Sergio_Ciordia · January 15, 2015, 10:43pm

Thanks everybody,

finally I have followed the recommendations from Aaron and Tim and I have used HTTPSocket.Get and Instr() to do my app. To help other newbies in Xojo. I have used this method to parse the text from HTML obtained:

Method: ParseData (theText As String, theStartTag As String, theEndTag As String)

[code] Dim theStartPos As Integer
Dim theEndPos As Integer
Dim theLengthToKeep As Integer
Dim theResult As String

theStartPos = InStr (theText, theStartTag)

If theStartPos = 0 Then
theResult = “”

ElseIf theStartPos > 0 Then
theStartPos = theStartPos + Len (theStartTag)
theEndPos = InStr (theStartPos, theText, theEndTag)
theLengthToKeep = theEndPos - theStartPos
theResult = Mid (theText, theStartPos, theLengthToKeep)

End if

return theResult[/code]

What do you think about this? I have adapted the function that I had to Filemaker.

Thanks again,
Sergio

Kem_Tekinay · January 16, 2015, 1:10am

FileMaker doesn’t have built-in regular expressions, although you can certainly add a plugin for that. Xojo does, and you should take advantage.
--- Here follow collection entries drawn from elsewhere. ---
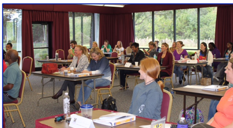
Kids At Hope Trainer Academy attendees.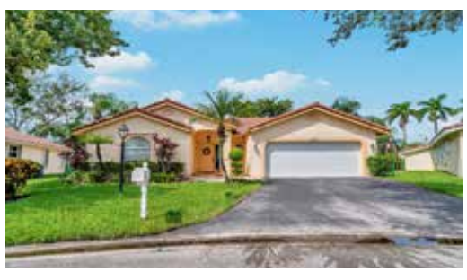
4882 NW 103rd Beautiful 3 bedroom, lakefront home in Brookside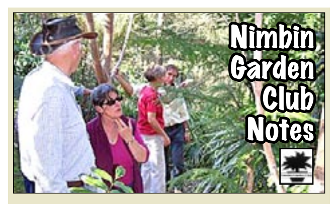
Sharing. Garden Club members at various recent monthly meetings (above and below).

I’d recommend this:

theStartTag = "\\Q" + theStartTag.ReplaceAllB( "\\E", "\\\\EE\\Q" ) + "\\E"
theEndTag = "\\Q" + theEndTag.ReplaceAllB( "\\E", "\\\\EE\\Q" ) + "\\E"

dim rx as new RegEx
rx.Options.Greedy = false
rx.SearchPattern = theStartTag + "([\\s\\S]*)" + theEndTag

dim theResult as string
dim match as RegExMatch = rx.Search( theText )
if match <> nil then
  theResult = match.SubExpressionString( 1 )
end if

return theResult

The encoding of theStartTag and theEndTag is safely put “\Q” and “\E” around the text. That tells the regex engine to take the text literally even if you’ve included symbols that would otherwise mean something like “*” or parens.

Sergio_Ciordia · January 16, 2015, 8:28pm

Thank you very much Kem. That’s true, Xojo is very powerful and this is an example. I have used your code and It works very well. I don’t understand very well the theStartTag and theEndTag code at the beginning because I haven’t enough knowledge of regular expressions but slowly.

Thanks again,
Sergio